- Lingyue Qin , Institute for Advanced Study, BNRist, Tsinghua University, Beijing, China
- Xiaoyang Dong , Institute for Advanced Study, BNRist, Tsinghua University, Beijing, China
- Xiaoyun Wang , Institute for Advanced Study, BNRist, Tsinghua University, Beijing, China; Key Laboratory of Cryptologic Technology and Information Security, Ministry of Education, Shandong University, Jinan, China; School of Cyber Science and Technology, Shandong Univer
- Keting Jia , Institute for Network Sciences and Cyberspace, BNRist, Tsinghua University, Beijing, China
- Yunwen Liu , College of Liberal arts and Science, National University of Defense Technology, Changsha, China; Hunan Engineering Research Center of Commercial Cryptography Theory and Technology Innovation, Changsha, China
||Automatic modelling to search distinguishers with high probability covering as many rounds as possible, such as MILP, SAT/SMT, CP models, has become a very popular cryptanalysis topic today. In those models, the optimizing objective is usually the probability or the number of rounds of the distinguishers.

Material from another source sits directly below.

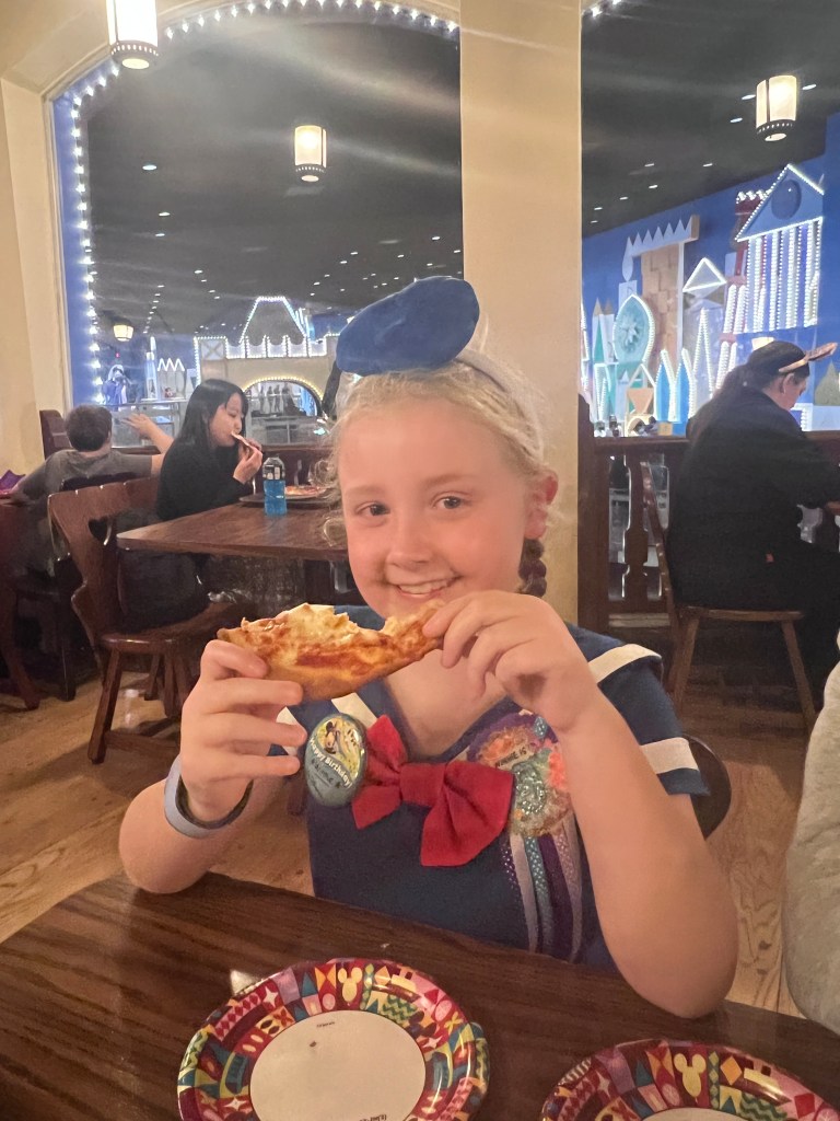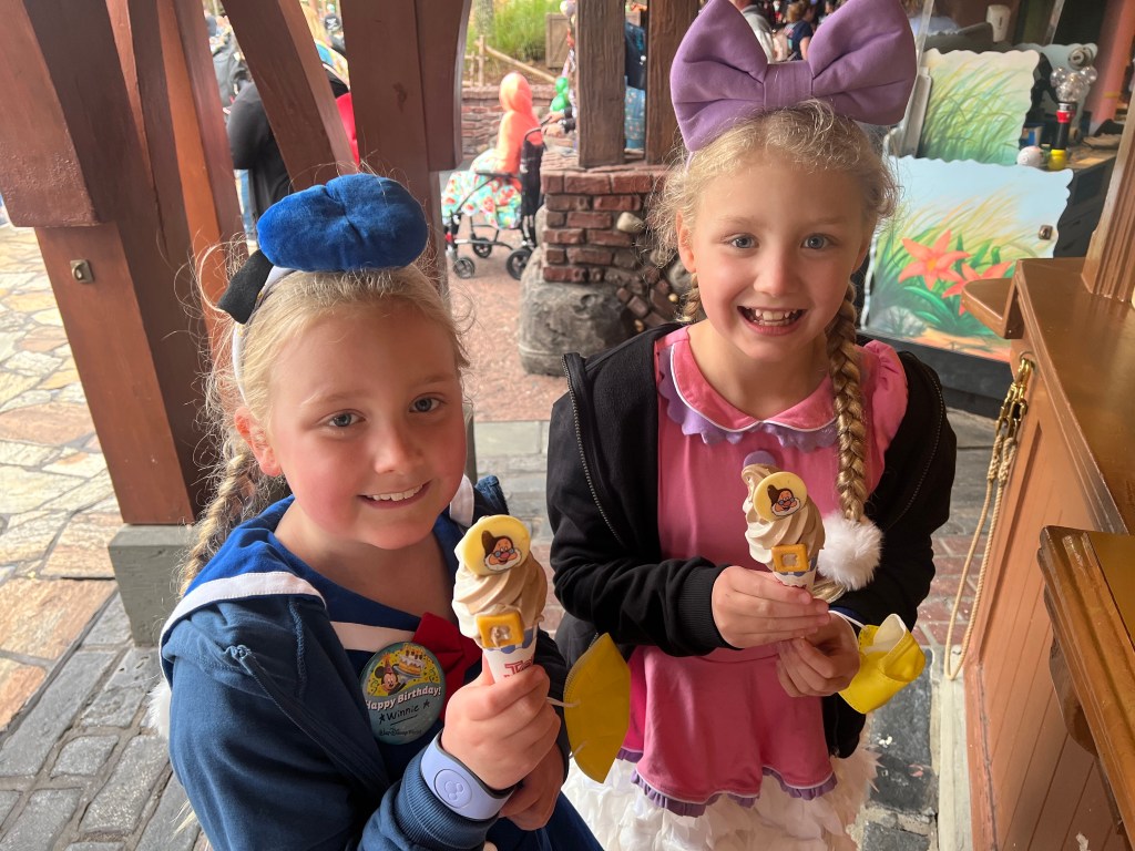 Anyway, we said goodbye and headed for the People Mover which was the girls’ first choice. We then did a few rides with small queues such as the carousel, grabbed a couple of 50th anniversary 7 dwarf ice creams of the day for the girls (Polly wasn’t keen on the coffee flavour!!) and then sat down for a quick lunch at Pinocchio’s Village House.

If we want to recover the secret key for a round-reduced block cipher, there are usually two phases, i.e., finding an efficient distinguisher and performing key-recovery attack by extending several rounds before and after the distinguisher. The total number of attacked rounds is not only related to the chosen distinguisher, but also to the extended rounds before and after the distinguisher. In this paper, we try to combine the two phases in a uniform automatic model.Concretely, we apply this idea to automate the related-key rectangle attacks on SKINNY and ForkSkinny. We propose some new distinguishers with advantage to perform key-recovery attacks. Our key-recovery attacks on a few versions of round-reduced SKINNY and ForkSkinny cover 1 to 2 more rounds than the best previous attacks.